A Constituição de 1988 nasceu como ruptura com esse modelo de subordinação. Fruto da luta contra autoritarismo e dependência externa, consagrou soberania nacional, direitos sociais e o papel do Estado no desenvolvimento. Internacionalmente, reforçou autodeterminação, multilateralismo e solução pacífica de conflitos, rejeitando ordens impostas por potências hegemônicas.
O sistema internacional atravessa uma convulsão estrutural. Antigos equilíbrios se desfazem, países ascendem e descem na hierarquia global, e a disputa pelo poder se intensifica entre potências que tentam preservar uma ordem em decomposição e aquelas que a desafiam. Esse cenário de instabilidade expressa o avanço da “entropia” do sistema — a tendência à perda de coesão e regras compartilhadas. Para conter isso, a ordem em crise reage ampliando tensões, zonas de conflito e mecanismos de coerção. É nesse contexto que o unilateralismo de Trump deixa de ser exceção e se torna método, tornando improvável qualquer retorno à ordem anterior. Como observa “José Luís Fiori”.

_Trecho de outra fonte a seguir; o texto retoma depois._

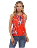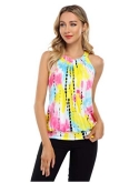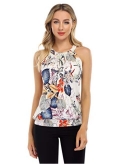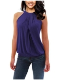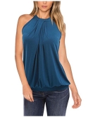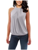 Features: ladies halter blouse top, halter tank tops, o neck, round neck, halter crew neck, sleeveless, pullover, pleated twist front, solid color, back keyhole with button, fitting top.

Não se trata apenas de crises ou ameaças difusas, mas de ações deliberadas de coerção política e econômica — incluindo tentativas de sequestro político e territorial, como no caso da Groenlândia — que reforçam a dificuldade de restaurar a antiga normalidade internacional.
Em sentido oposto, o êxito do Brasil na consolidação do acordo Mercosul‑União Europeia demonstra que é possível expandir comércio e integração econômica sem submissão política, por meio de negociação multilateral, regras compartilhadas e respeito à soberania nacional. O pacto é também uma afirmação política contra coerção e unilateralismo.
Defender a Constituição de 1988 não é simbólico. Internamente, exige fortalecer direitos sociais, democracia substantiva e capacidade estatal de induzir desenvolvimento. Externamente, impõe ao Brasil aprofundar multilateralismo, Mercosul, BRICS e cooperação Sul–Sul, protegendo a autonomia nacional.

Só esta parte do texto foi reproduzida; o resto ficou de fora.